Et voilà. Il se sentait presque coupable, presque honteux de lui !
Il n'arrivait même pas à faire le fou.
-Mais c'était tous des criminels !
-Vous tuez même vos semblables ?
Pourquoi donc avait-il ressenti ce besoin de se justifier ? Le front soucieux de Geremy, cette peur nouvelle qu'il avait de le perdre… Mais il n'arrivait qu'à s'enfoncer.
-… Bisous ?
-Bien sur.
Jim déconnecta pendant que l'inspecteur posait un léger baiser sur le bout de son nez.
-Hello ?
-… Bien sur ?
-Eh ben ?
-Je viens de tuer 15 de mes semblables et j'ai faillis vous rajouter au tas, et « Bien sûr » ?
-Voui. Parce que vous n'avez pas fait exprès, pour moi, pour les autres, ça les regarde, et puis vous êtes revenu de Russie juste pour moi, et vous m'avez dit des choses gentilles, alors bon.
-Vous vous souvenez de la Russie ?
-Je me souviens de tout. Et je commence à avoir mal à la tête… Vous me laisseriez aller chercher de l'aspirine ?
-Non !
-Qu'est-ce qu'il y a ?
-Ne m'oubliez plus jamais !
-C'est vous qui avez commencé…
Le malfrat n'avait jamais daigné se souvenir que c'était lui qui l'avait arrêté dans la tour de Londres.
-Et puis même si mes souvenirs me faisaient défaut, mon cœur se rappellerait de vous.

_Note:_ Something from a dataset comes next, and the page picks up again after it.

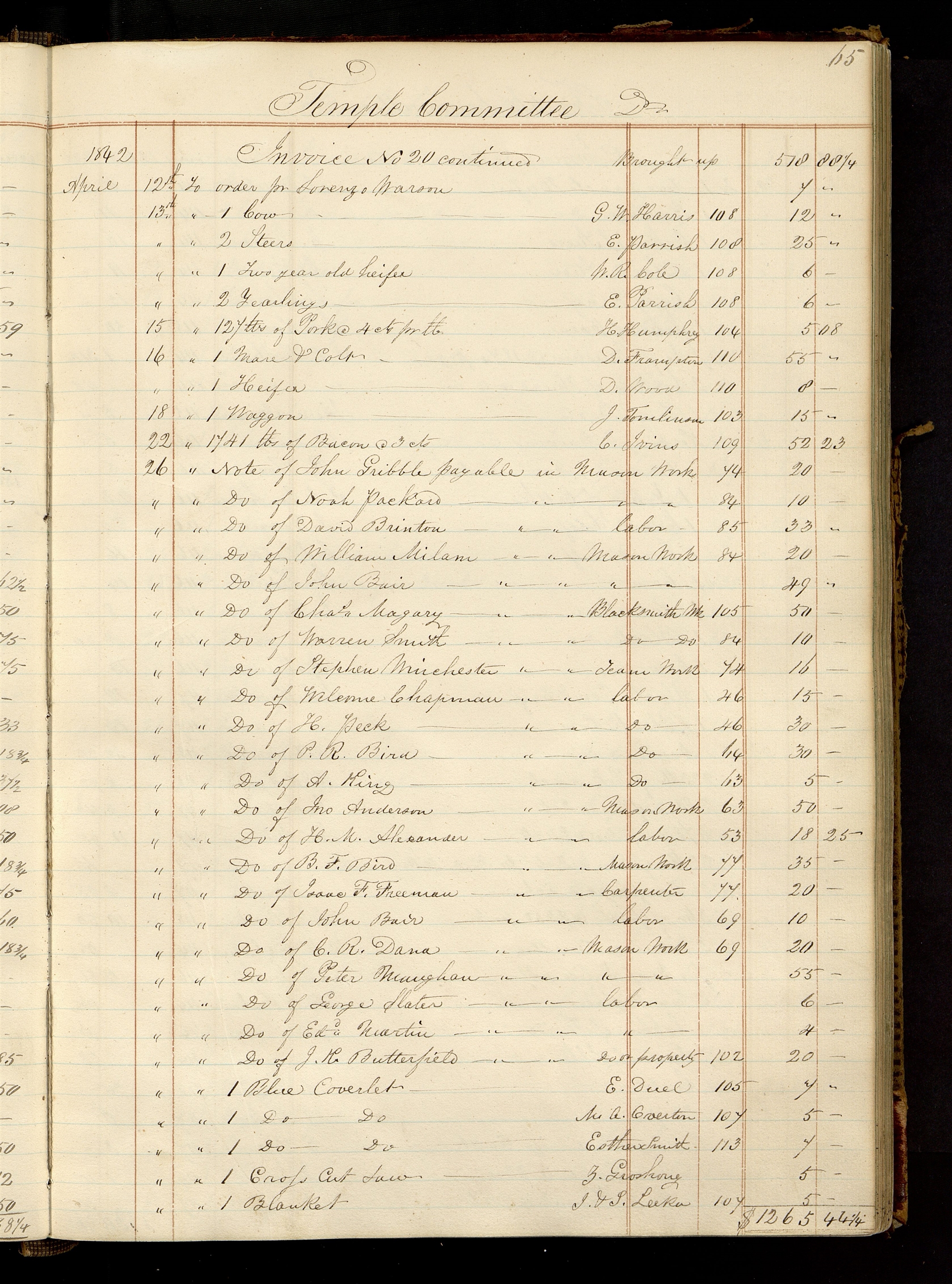 Trustee-in-Trust, Ledger A, 7–82. Two incomplete loose copies of “Invoice No 31” are extant and in the records of the Nauvoo temple committee. (Invoice, Trustee-in-Trust to Nauvoo Temple Committee, 24 Nov. 1842–8 Feb. 1843; Invoice, Trustee-in-Trust to Nauvoo Temple Committee, 24 Nov. 1842–25 July 1843.)

Touché, le criminel se blottit encore plus contre le policier, s'accrochant à sa chemise.
-Jim ? Ça va ?
L'autre ne répondit pas tout de suite, son rythme cardiaque venait de faire une pointe de vitesse, comme à chaque fois que Lestrade l'appelait par son prénom.
-Redite le, demanda t-il enfin.
-Pardon ?
-Mon prénom. Redite le.
-Pourquoi ?
-Il vous faut une raison ?
-Vous ne dites jamais le mien, remarqua l'autre en haussant les épaules.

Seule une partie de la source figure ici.